The gas volume fraction and pipe bend inner wall surface roughness both significantly affect the pressure distribution and DPM concentration distribution in gas–liquid two-phase flow. The gas volume fraction primarily influences fluid characteristics by enhancing turbulence and centrifugal force effects, while surface roughness affects fluid behavior by altering local flow characteristics and fluid resistance.

Although this study does not explicitly define flow regimes, the observed increases in turbulence and DPM clustering with rising gas content are consistent with a transition from dispersed bubbly to slug-like patterns. These changes are influenced by increasing Reynolds and Weber numbers under higher void fractions. Ma et al. [31] similarly reported regime shifts and unsteady gas–liquid dynamics in U-bend systems, supporting the applicability of flow pattern analysis to curved-pipe erosion studies.

4. Conclusions

This study was conducted to address the insufficient understanding of how gas–liquid two-phase flow characteristics—specifically void fraction and inner wall surface roughness—contribute to corrosion-induced wall thinning in the pipe bends of high-pressure steam pipelines.
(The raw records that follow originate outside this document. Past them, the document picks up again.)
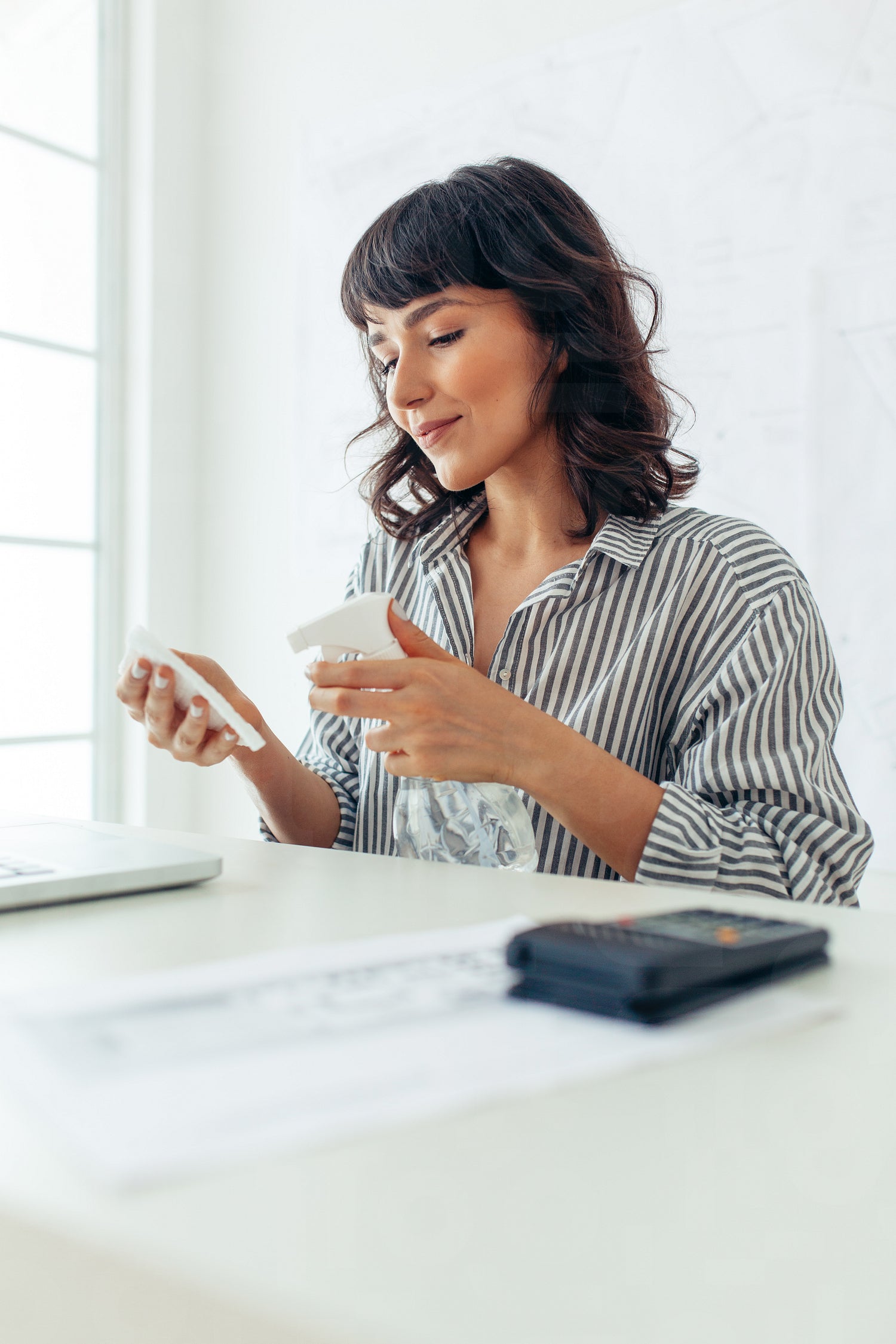 Close up of woman spraying sanitizer on a cleaning tissue. Businesswoman sanitizing workplace.
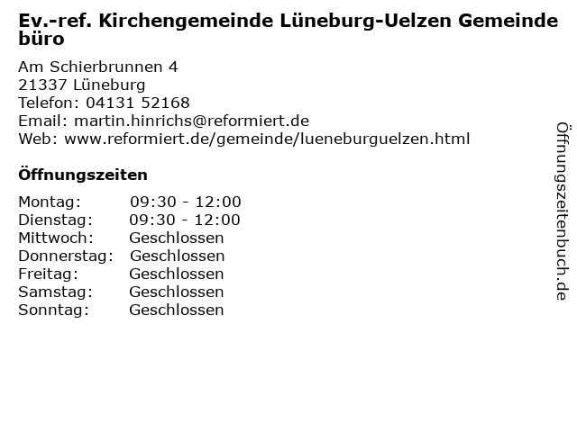 Branchen & Suchbegriffe zu Ev.-ref. Kirchengemeinde Lüneburg-Uelzen Gemeindebüro:ev., evangelisch, evangelische, gemeindebüro, hinrichs, kirche, kirchengemeinde, pastor, pfarrämter, ref., reformierte, uelzen |
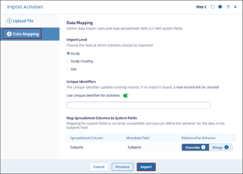 On the Data Mapping screen, define the data import rules and map spreadsheet field to CTMS system fields.

Although previous works have examined flow erosion and surface degradation separately, few have explored their coupled effects using a combined experimental and CFD simulation approach. To bridge this gap, we performed wall thickness measurements and SEM/EDS analysis on in-service elbows and conducted multiphase flow simulations with varying gas content and roughness parameters to reveal the underlying flow-induced corrosion mechanisms.

The main findings of this work are as follows:

(1)

An increased void fraction significantly enhances turbulence intensity and centrifugal force effects, leading to localized pressure peaks and higher DPM (Discrete Phase Model) particle concentrations at the pipe bend, which accelerates erosion and cyclic corrosion product detachment.

(2)

Greater surface roughness disrupts flow attachment and reattachment behavior, amplifies flow instability, and shifts the location of DPM deposition upstream. This results in increased wall pressure, non-uniform distribution, and intensified local corrosion, as confirmed by SEM imaging.

(3)

The interaction of high void fraction and roughness exhibits a strong synergistic effect, where extreme pressure and DPM values are reached. This coupling amplifies erosion–corrosion mechanisms and raises the risk of rapid wall thinning, especially at critical flow regions.

This study provides new insights into the physical interaction between gas–liquid flow dynamics and corrosion behavior in curved pipelines. However, the CFD framework assumes isothermal and steady-state conditions, and further studies are needed to incorporate thermal gradients, transient flows, and actual oxide film mechanics. From an engineering perspective, these findings support the need for real-time wall thinning monitoring, predictive modeling tools, and optimized pipe design using corrosion-resistant materials and controlled flow conditions to extend service life in high-risk piping systems.